▸ Directions
Would you transcribe the entries below, beginning at the line with "Quifit - 2.2lltx" and ending after the line with "diverse riding environments.", exactly, with no picture and nothing more?

====== Dataset

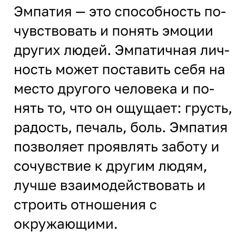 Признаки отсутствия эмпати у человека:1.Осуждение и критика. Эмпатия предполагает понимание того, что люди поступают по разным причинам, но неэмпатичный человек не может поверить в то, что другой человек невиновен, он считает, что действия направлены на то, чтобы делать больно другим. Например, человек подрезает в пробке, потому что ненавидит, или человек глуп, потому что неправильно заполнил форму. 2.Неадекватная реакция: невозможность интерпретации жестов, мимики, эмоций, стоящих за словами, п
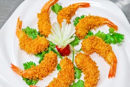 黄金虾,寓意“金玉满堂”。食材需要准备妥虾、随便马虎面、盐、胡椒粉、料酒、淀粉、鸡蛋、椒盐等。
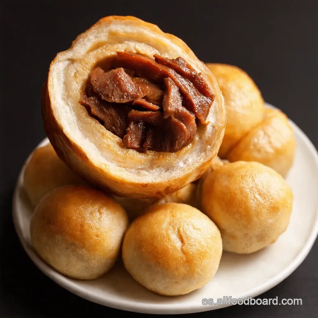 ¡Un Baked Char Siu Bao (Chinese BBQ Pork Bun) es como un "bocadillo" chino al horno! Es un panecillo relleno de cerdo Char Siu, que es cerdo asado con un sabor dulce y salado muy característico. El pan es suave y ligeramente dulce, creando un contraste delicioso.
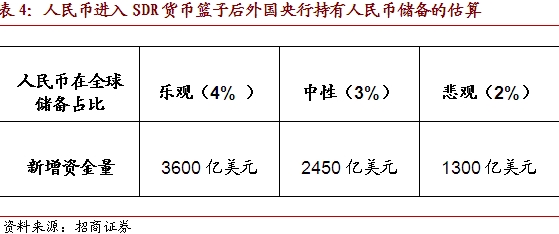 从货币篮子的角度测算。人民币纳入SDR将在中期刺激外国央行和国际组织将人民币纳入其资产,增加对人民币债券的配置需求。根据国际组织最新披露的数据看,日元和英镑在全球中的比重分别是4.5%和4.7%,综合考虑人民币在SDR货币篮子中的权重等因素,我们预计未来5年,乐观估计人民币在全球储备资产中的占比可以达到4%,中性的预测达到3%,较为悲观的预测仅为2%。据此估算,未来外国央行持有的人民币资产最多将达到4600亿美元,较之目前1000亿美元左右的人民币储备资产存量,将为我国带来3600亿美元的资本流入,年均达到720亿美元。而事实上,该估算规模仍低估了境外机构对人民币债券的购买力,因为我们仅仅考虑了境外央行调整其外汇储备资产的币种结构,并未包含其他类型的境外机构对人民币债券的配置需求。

============
====== Dataset

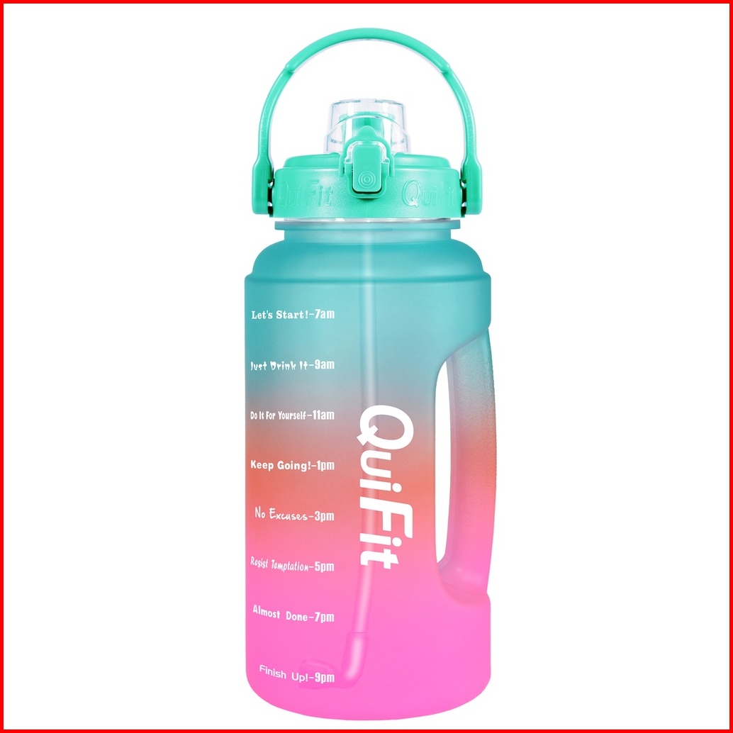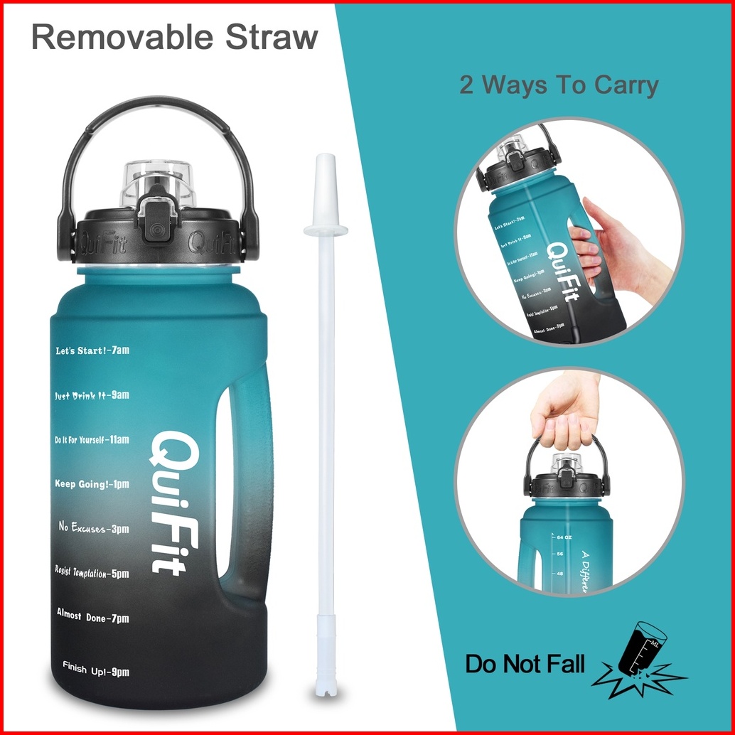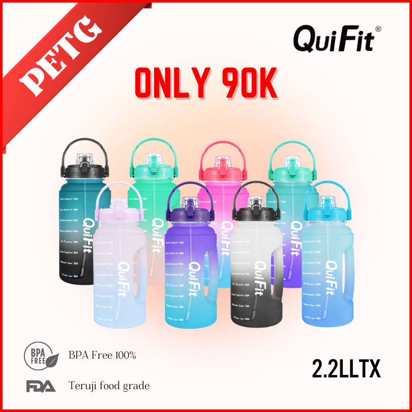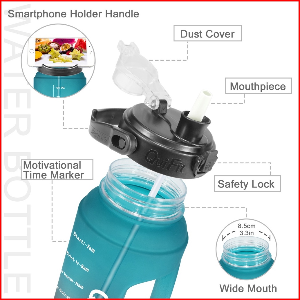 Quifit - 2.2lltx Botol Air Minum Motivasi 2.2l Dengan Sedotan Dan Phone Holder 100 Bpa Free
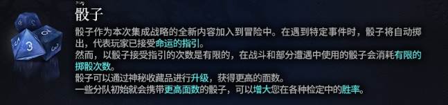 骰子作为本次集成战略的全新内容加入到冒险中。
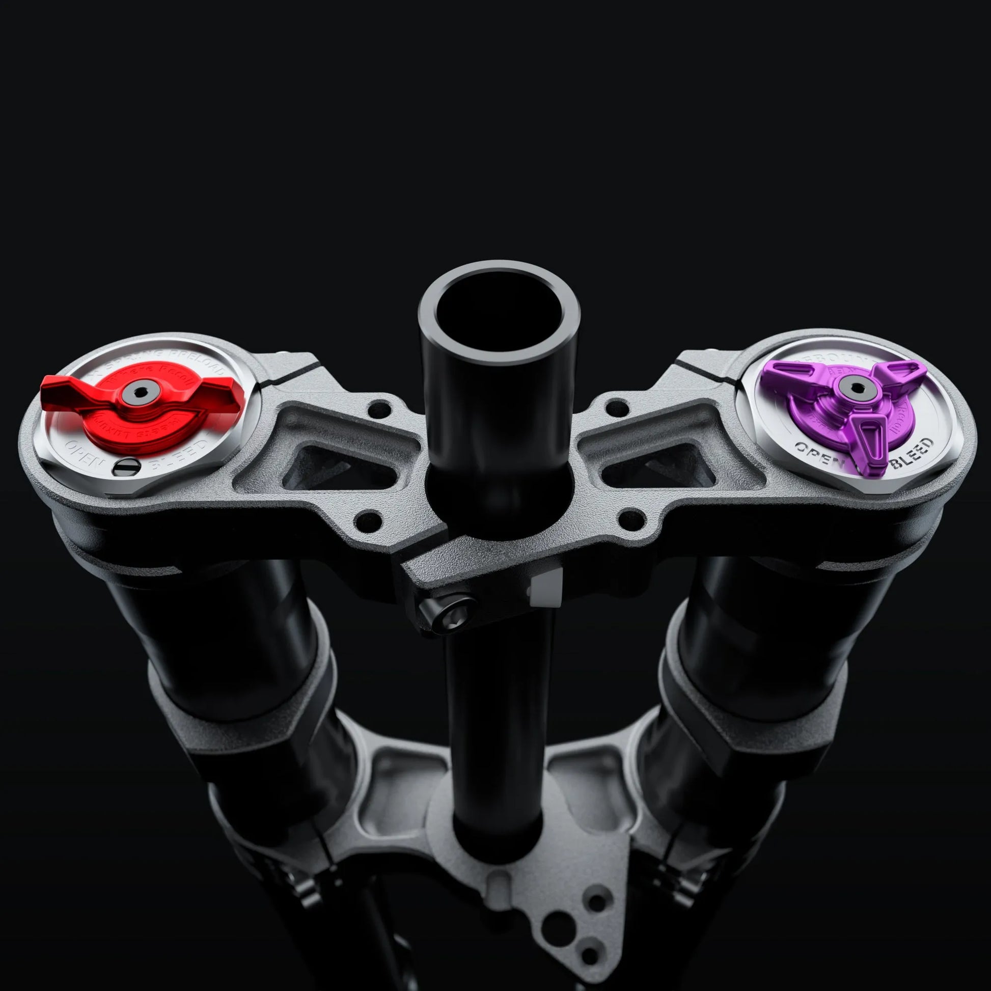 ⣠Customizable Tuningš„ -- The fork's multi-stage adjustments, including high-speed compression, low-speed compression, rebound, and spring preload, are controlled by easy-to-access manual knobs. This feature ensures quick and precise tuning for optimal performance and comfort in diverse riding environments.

============
====== Dataset

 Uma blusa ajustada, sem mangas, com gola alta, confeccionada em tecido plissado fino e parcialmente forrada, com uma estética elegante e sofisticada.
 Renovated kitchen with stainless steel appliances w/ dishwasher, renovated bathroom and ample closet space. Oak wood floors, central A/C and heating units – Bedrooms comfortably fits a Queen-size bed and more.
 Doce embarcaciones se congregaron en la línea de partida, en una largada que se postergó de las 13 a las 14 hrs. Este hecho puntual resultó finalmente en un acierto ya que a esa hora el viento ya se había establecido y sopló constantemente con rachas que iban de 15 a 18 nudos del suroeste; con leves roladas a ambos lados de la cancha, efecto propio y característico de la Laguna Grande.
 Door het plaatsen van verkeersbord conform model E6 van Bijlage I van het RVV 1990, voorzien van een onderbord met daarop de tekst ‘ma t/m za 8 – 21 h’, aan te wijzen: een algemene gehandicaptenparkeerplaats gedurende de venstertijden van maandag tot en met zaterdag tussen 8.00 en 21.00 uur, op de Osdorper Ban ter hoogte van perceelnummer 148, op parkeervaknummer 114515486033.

============

▸ Answer section
 Quifit - 2.2lltx Botol Air Minum Motivasi 2.2l Dengan Sedotan Dan Phone Holder 100 Bpa Free
 骰子作为本次集成战略的全新内容加入到冒险中。
 ⣠Customizable Tuningš„ -- The fork's multi-stage adjustments, including high-speed compression, low-speed compression, rebound, and spring preload, are controlled by easy-to-access manual knobs. This feature ensures quick and precise tuning for optimal performance and comfort in diverse riding environments.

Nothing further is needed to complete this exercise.